• _THE PROBLEM_:
Everything from the first line of the data below through the line that contains "ved de seks" should be written out exactly, please, and nothing more; the pictures stay out.

• _SOURCE MATERIAL_:

* * * * * * * * *

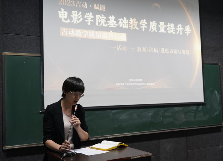 电影学院坚持评建结合、重在建设的指导思想,助力各专业建设与课程规范性建设,对标本科教学审核评估标准,找准差距,补足短板,不断提升服务本科教学的质量和水平。2023年9月15日,电影学院特邀吉林动画学院王红梅教授作题为教案、讲稿、进度表编写规范的讲座;讲座由电影学院副院长温丽君主持,电影学院全体教师参加培训。
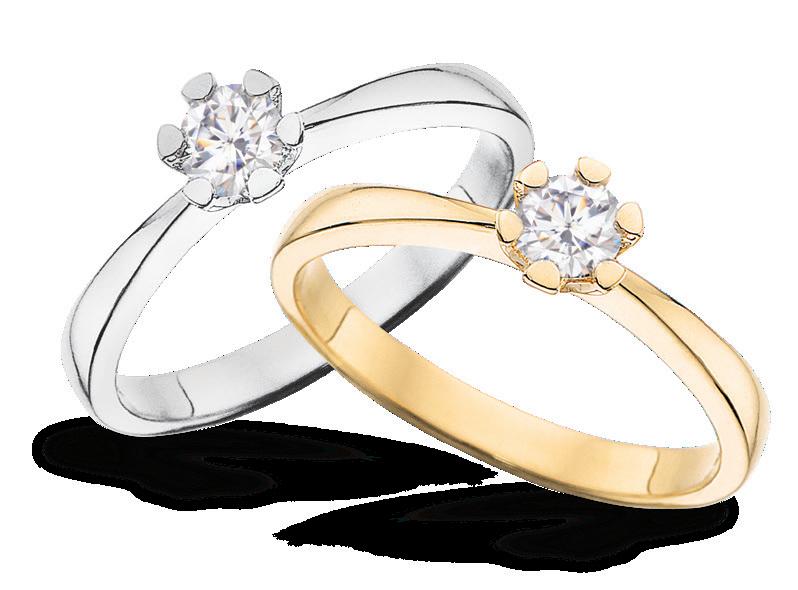 ved de seks afrundede grabber, der holder brillanten. Vida fås i 8 & 14 kt. rød- og hvidguld.
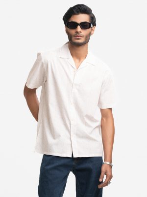 White Cotton Cuban Collar Casual Shirt
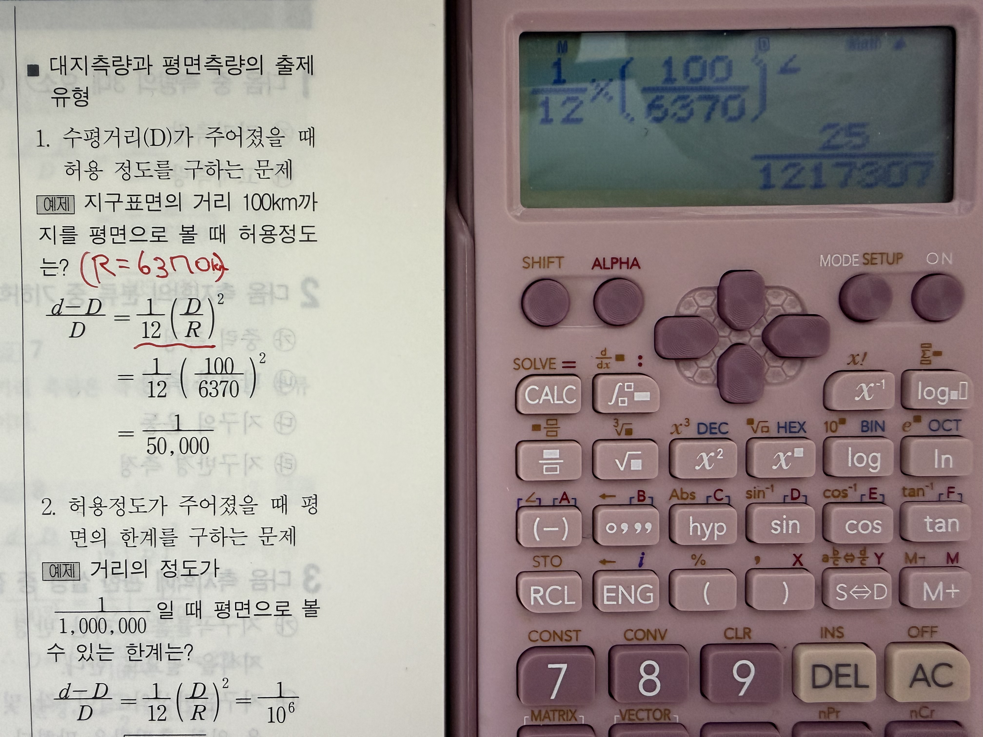 측량학 5p 예제가 계산기에서 틀리게 나와요 제가 뭘 잘못한 걸까요?

* * * * * * * * *

• _THE COMPLETED TASK_:
 电影学院坚持评建结合、重在建设的指导思想,助力各专业建设与课程规范性建设,对标本科教学审核评估标准,找准差距,补足短板,不断提升服务本科教学的质量和水平。2023年9月15日,电影学院特邀吉林动画学院王红梅教授作题为教案、讲稿、进度表编写规范的讲座;讲座由电影学院副院长温丽君主持,电影学院全体教师参加培训。
 ved de seks afrundede grabber, der holder brillanten. Vida fås i 8 & 14 kt. rød- og hvidguld.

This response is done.